The reason why we have such expectations, rather than such expectations, comes from the process of forming expectations in our childhood, such as some of the demands that our parents made of us when we were children, and we slowly internalized these requirements into self-expectations and self-requirements when we were young.

But why are some children able to meet their parents' expectations and become other people's children, but some children are unable to meet their parents' expectations and become naughty and mischievous children at home who don't like to learn?

Think about what is the initial and deepest desire of each of us, often these desires have little to do with money, fame and fortune, and the initial desire of children is nothing more than the need to be loved, to be noticed, to be recognized, to be needed, which is the common denominator of all of us.

Behind a person's behavior, it must be accompanied by unfulfilled desires, such as many patriarchal families, girls lack the desire to be seen and unconditionally loved, and this problem will expose many problems when girls grow up.

If we can learn to communicate with each other calmly at every level through each other's behavior, then we will naturally gain insight into the other person's real needs, and we can also let the other party be fully accepted in the relationship.
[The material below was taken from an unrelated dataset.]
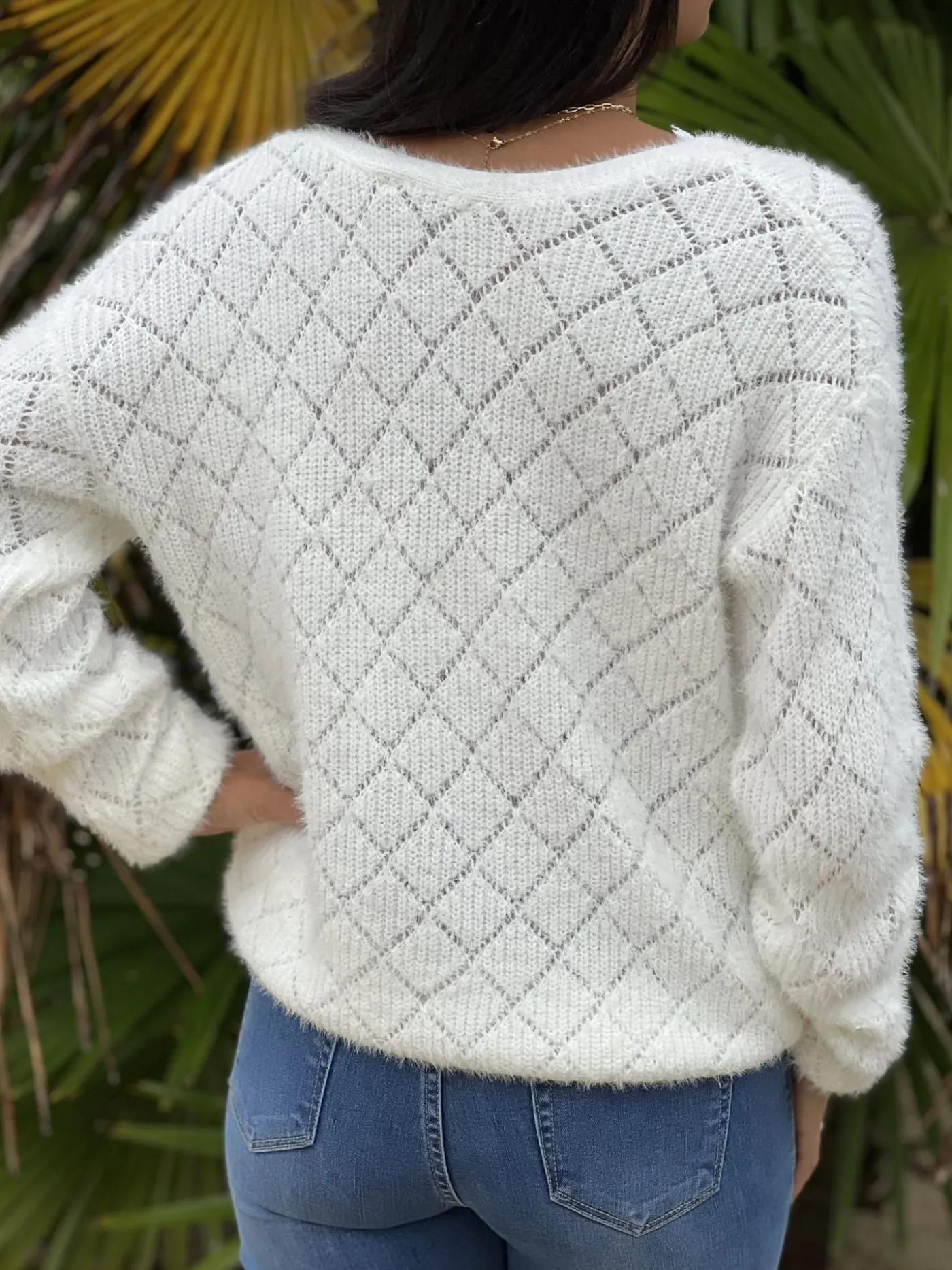- PULL À ML COL V DENTELLE + PETITS BOUTONS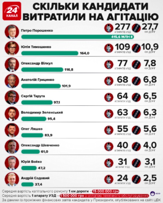 Середня вартість капітального ремонту 1 км дороги, яка, за словами міністра інфраструктури України Володимира Омеляна становить 15 млн грн. Середня вартість одного апарату УЗД, згідно із даними держзакупівель, становить 1,5 млн грн. Виходить, що витрати кожного кандидата на вибори цілком можна порахувати у практичних вчинках. Результати виглядатимуть отак:

For example, if a child doesn't do his homework, we instinctively want him to do his homework, and we will use accusations and control, if you don't do your homework, you won't let you play games, if you don't do your homework, don't watch TV, etc.

This method may be useful for children who are obedient and suppress their inner emotions, but it is not useful for children who are disobedient and are in a rebellious period and are unwilling to suppress their emotions.

The key to reducing conflict is to transform emotions, if parents try to directly express their opinions, feelings and expectations for children who do not do homework, it will naturally make children feel recognized and trusted, and then children will directly express their feelings, so that two people can have good and effective communication.

In fact, intimate relationships and parent-child relationships need to learn the way of emotional transformation to face each other's conflicts, and then let the contradictions and disputes between the two be clear about each other's demands, and can also solve the problem without hurting each other.

If the other party is someone who really loves you and cares about you, he can naturally understand your thoughts and try to do what he should do, if the other party is an adult and only thinks about himself, then this method of resolving conflicts is not applicable.

There is no absolute thing in the world, the above point of view belongs to the attitude towards people, no two people are exactly the same, how effective the communication is, in fact, mainly depends on the response of the other party.

However, from the perspective of human nature, everyone's behavior is based on their own best interests, and we often want to transform the closest people, but we must understand that everyone is different.

We can understand the differences of others, and we can live in harmony with each other, so that we can have more understanding and tolerance for others, and in fact, success and happiness are not measured.

There is no best in life, only better, as long as we learn not to direct dissatisfaction to the external environment, but to self-creation, no matter what the circumstances.

Naturally, we have enough power to create the living environment we want and a satisfying state of self.